Not a chance on God’s green earth.
Now, you might say we should cut the UT team a break, insofar as nobody knew much about SARS-CoV-2 in the third week of March. Fair enough. So how has the UT team done more recently?
On August 10, we captured UT’s death projections for the State of Texas on August 31.
As of August 10, the UT epidemiologists projected that 23,460 Texans will have died from Covid-19 by August 31, within a range of 20,665 to 26,726.
Oops.
To be completely fair, the actual August 31 number will probably rise by 100-200 as the death certificates for the last few days trickle in, but UT still will have overshot its three week forecast for Texas by 80%.
What about more recently? We also grabbed an August 18 screenshot.
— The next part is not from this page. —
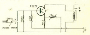 We found this circuit in Popular Electronics from January/February 1969. The circuit must be supplied with voltage according to the relay. The transistor is from the time.
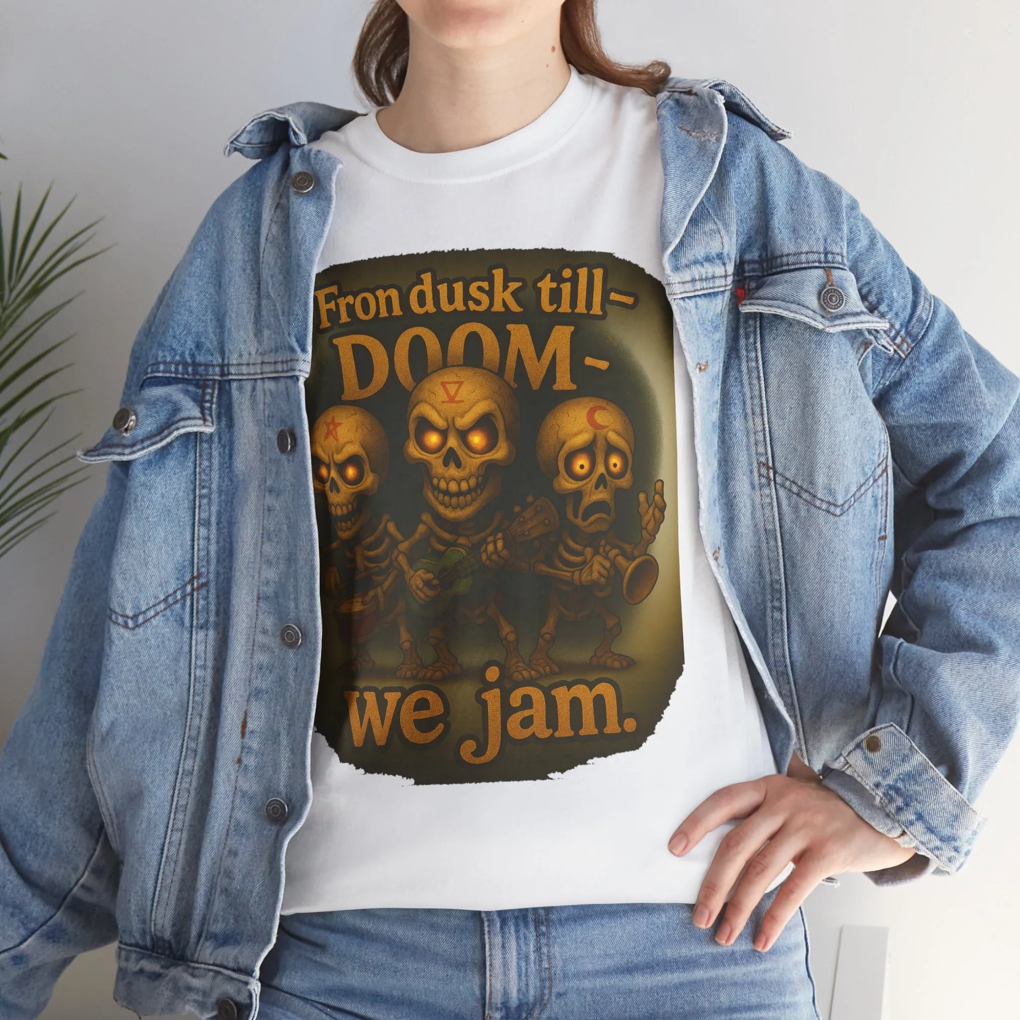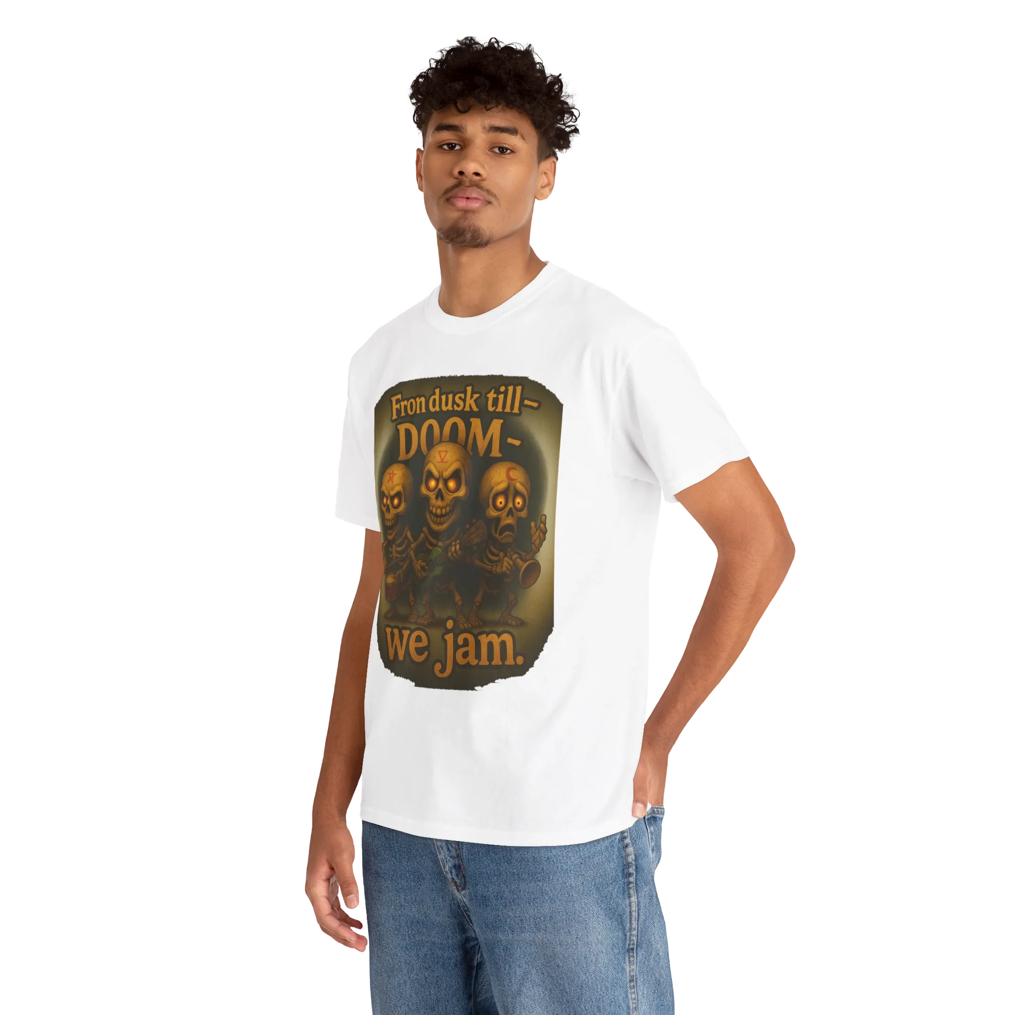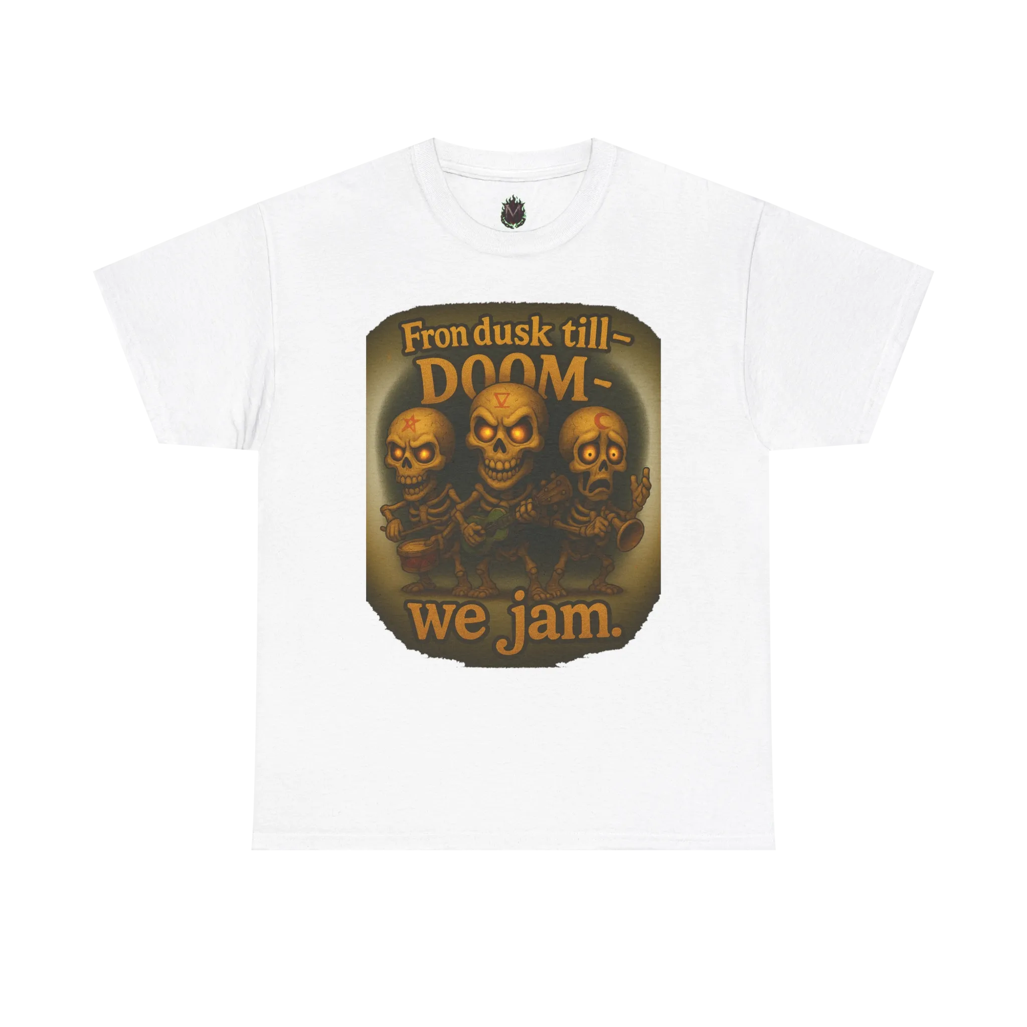 This design features a skeletal trio locked into an eternal jam session beneath the phrase “From Dusk Till Doom — We Jam.” Equal parts macabre and musical, it’s a tribute to chaos, camaraderie, and playing through the end of everything.

Once the UT team got within a two week window, they did hit the forecast range. Giving them full credit for late death certificates they hoisted their chin above “Min Projected” 12,602 deaths. We cannot resist noting, however, that the UT scientists gave themselves a massive 64% difference between that the high end of their range (20,672) and the low end (12,602) a mere 13 days out. Plenty of us dashboard doomscrollers could have hit the side of that barn without all that UT computing power.
Believe science, indeed.
Now, notwithstanding the fun we have had with this post, the serious point is not to castigate these epidemiologists or epidemiologists in general. No doubt they are working hard to improve their forecasts, and indeed they are contributing importantly to the policy debate. However, the demands from the media and the political left to “believe science” ought not actually mean “believe models.” Because many models, including the models much relied upon to inform pandemic response policies, are wildly wrong even when developed by the actual best people.
Models of anything, unleavened with judgment forged in honest and open debate, are not “science” at all. Unfortunately, we have of late had very little honest and open debate, and that is a huge problem.